Corpus Christi gives us an opportunity to reflect upon and celebrate the deep joy we find in our experience of Christ present in the Blessed Sacrament. 

In many ways the rites for Corpus Christi are reminiscent of Maundy Thursday and include a procession of the Blessed Sacrament. Unlike Maundy Thursday, which shifts the focus from the Lord’s Supper to the Gospel account of Jesus washing the feet of the Disciples, Corpus Christi keeps our attention on the Blessed Sacrament at the Altar and the body and blood of our Lord Jesus Christ blessed, broken, and shared among us to give spiritual life to us and to the world.

Holy Communion was not just a bit of bread and wine consumed in memory. Rather, in some profound mysterious way these elements of creation held within them the very substance of Christ and through the Holy Spirit could unite us to Christ in his sacrificial love and by that union we could partake of spiritual healing and strength and in fact become ourselves agents of God’s Grace to bring blessing to the world.

For first century Christians Holy Communion was so important, so mysterious that only baptized members of the community could even be present. Following the liturgy of the Word, which probably ended with a homily and prayers of the people, new people were escorted from the assembly to a separate space to receive instruction in the faith. There were two reasons for this. The first of course had to do with respect for the profound sacredness of the Rite, and the symbolism of the ritual would have had no meaning or would have been confusing to someone who had not been educated in the faith.

We cannot separate ourselves from the essence of what we have eaten. In the same way when we have consumed the Christ really present in the Sacred Elements of Communion, we incorporate his divine person into our own. We cannot define where Christ ends and we begin for he is in us and because he is eternal with God and no longer flesh, we are in him as well.

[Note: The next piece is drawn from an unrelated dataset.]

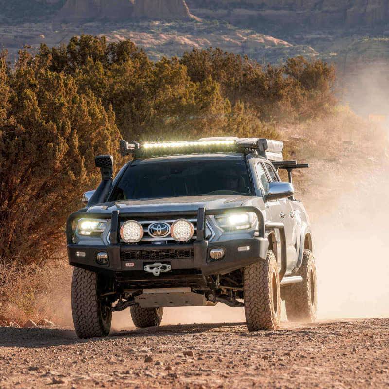 ARB Bumpers provide reliable protection for your vehicle and its passengers, and are a solid base for mounting accessories such as driving lights and winches. Thoughtfully designed, superbly engineered and meticulously manufactured, the ARB Summit Bumper lives up to its reputation for quality and functionality. Building upon ARB's proven air bag compatible mounting architecture, the Summit bumper incorporates unique design features such as a 30mm edge radius on the wings and center pan, wider press formed cover straps, 60.3mm top tubing, two-piece polyethylene buffers, and redesigned fog light surrounds. This bumper kit includes a winch install kit, fog light kit and wiring loom. ARB Bumpers for Toyota applications are available in Integrit powder coating for increased durability and corrosion protection. This proprietary polymer blend delivers incredible resistance to damage and bumpers are pre-treated with a zinc shield before being coated. Summit Bumper Kits for the Toyota Tacoma MY20-21 include a Camera Relocation Kit that allows the camera to be moved for a clear view without obstruction from the bumper itself. ARB Bumpers provide reliable protection for your vehicle and its passengers, and are a solid base for mounting accessories such as driving lights and winches. Thoughtfully designed, superbly engineered and meticulously manufactured, the ARB Summit Bumper lives up to its reputation for quality and functionality. Building upon ARB's proven air bag compatible mounting architecture, the Summit bumper incorporates unique design features such as a 30mm edge radius on the wings and center pan, wider press formed cover straps, 60.3mm top tubing, two-piece polyethylene buffers, and redesigned fog light surrounds. This bumper kit includes a winch install kit, fog light kit and wiring loom. ARB Bumpers for Toyota applications are available in Integrit(TM) powder coating for increased durability and corrosion protection. This proprietary polymer blend delivers incredible resistance to damage and bumpers are pre-treated with a zinc shield before being coated. Summit Bumper Kits for the Toyota Tacoma MY20-21 include a Camera Relocation Kit that allows the camera to be moved for a clear view without obstruction from the bumper itself.

Jesus used these symbols to get at the heart of relationship with God. To be in full communion with God is to be consumed by the Holy Spirit, eaten up with the divine. We consume the bread of life and Christ becomes us as we become Christ.

There really is no way to understand this Mystery. It must be experienced. As Christians we believe that something precious and profound happens when we gather together in holy fellowship around the Altar to share in the Communion of the Blessed Sacrament. We believe that in some way Christ becomes present, whether in the bread and wine or in the community of believers gathered…we know our Lord to be with us. And one cannot be in the presence of God and remain unchanged. In the Blessed Sacrament we find strength for reconciliation, comfort for affliction, healing for the soul and the body. It is the Kingdom made present, a direct connection to the Communion of saints. It is the thinnest place where earth and heaven meet, and the ordinary becomes sacred.

Corpus Christi, the Body of Christ…the Word made flesh and the flesh made bread…bread from heaven that once eaten brings life and immortality. Brothers and Sisters, in the Blessed Sacrament we come as close to Christ as we can in this life. Through the Holy Spirit our Lord is with us and in us and we in turn are with and in him…given life in the spirit, strength for holy work and healing for soul and body. This is gift…this is blessing….this is grace.